Moreover, the dry conditions caused by a rise in temperature would occur in forests already overloaded with fuel. Ironically, years of aggressive fire suppression (pdf) by the US Forest Service "has led to increased fuel loads on the nation's forests," causing the country's mountains to be choked with dry, dead timber and thick underbrush. Add that to the dead trees left int the wake of an unprecedented mountain pine beetle infestation across the west in and into Candada – also driven by climate change – and it's obvious the conditions for massive fires are in place.

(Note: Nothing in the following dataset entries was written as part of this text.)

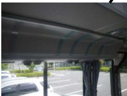
内部 左側上部 364 × 515 × 3枚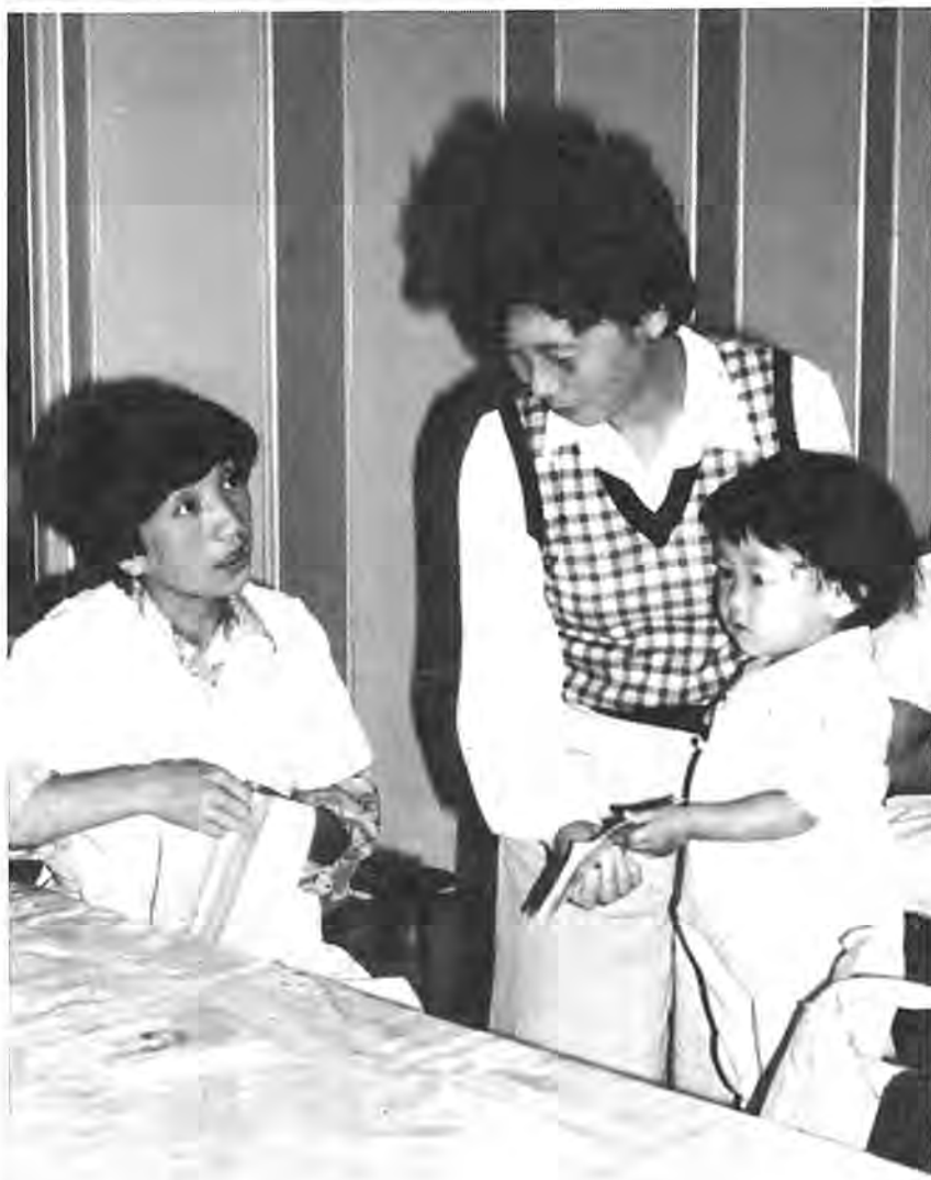
1歳6カ月児健康診査の受診を呼びかけることも保健推進員の大切な仕事です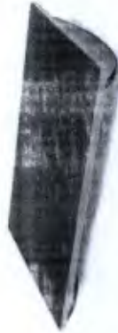
Tábua Proprioceptiva Retangular Cod. 00132A

Naturally, as the number of fires escalate, and the severity that they burn increases, costs associated with fighting those fires also rises. But beyond that simple calculation is another factor in the rising cost: rural development. As with California's Station fire, most of the firefighting effort and costs are expended protecting private property. A recent Headwaters Economics study of fires in Montana showed that, as rural development increases, so does the cost of fighting fires. And because Montana, like many other wilderness mountain areas in the west, is a prime location for summer mountain homes and hobby ranches, where zoning is regulated at the local level by local officials loath to check an expanding tax base and an influx of construction jobs, development rapidly continues. Headwaters Economic estimates that, if this development continues unabated, the cost borne by Montana and federal taxpayers protecting this rural-urban interface from wildfires could triple by 2025.
What's more sobering is that these projections are not just conjecture: climate change has already had an effect on fires in the west. A 2007 IPCC report showed that "the wildfire season in the western US has increased [by] 78 days" and the "burn duration" of large fires has quadrupled, from 7.5 to 37.1 days, in the past three decades "in response to a spring-summer warming of 0.87C." And a GAO report (pdf) showed that the federal costs, per year, of managing wildfires has risen from $1.1bn from 1996 to 2000, to $2.9bn from 2001 to 2005 – which doesn't even account for the severe wildfire seasons of 2006 and 2007.
But beyond the risks posed to human health and property, and the cost of battling fires, there's potentially a greater danger posed to the environment and humankind. From a recent Science article (and excerpted in a Grist report on wildfire) on the increasing temperatures and early springs in the West:
Current estimates indicate that western US forests are responsible for 20% to 40% of total US carbon sequestration. If wildfire trends continue, at least initially, this biomass burning will result in carbon release, suggesting that the forests of the western US may become a source of increased atmospheric carbon dioxide rather than a sink, even under a relatively modest temperature-increase scenario.
So this expected increase in wildfires may actually accelerate global warming. And America's west has become the scene of simply one of many catastrophic tipping-points that will hurl us into a new, scorched climate. Right now, the west is renowned for its open spaces, rugged topography, endless forests and its very real aura of a wilderness frontier. But as temperatures rise, and western forests are wracked by ever-increasing wildfires, the region could instead become known for choking clouds of smoke and ash falling from blood-red skies.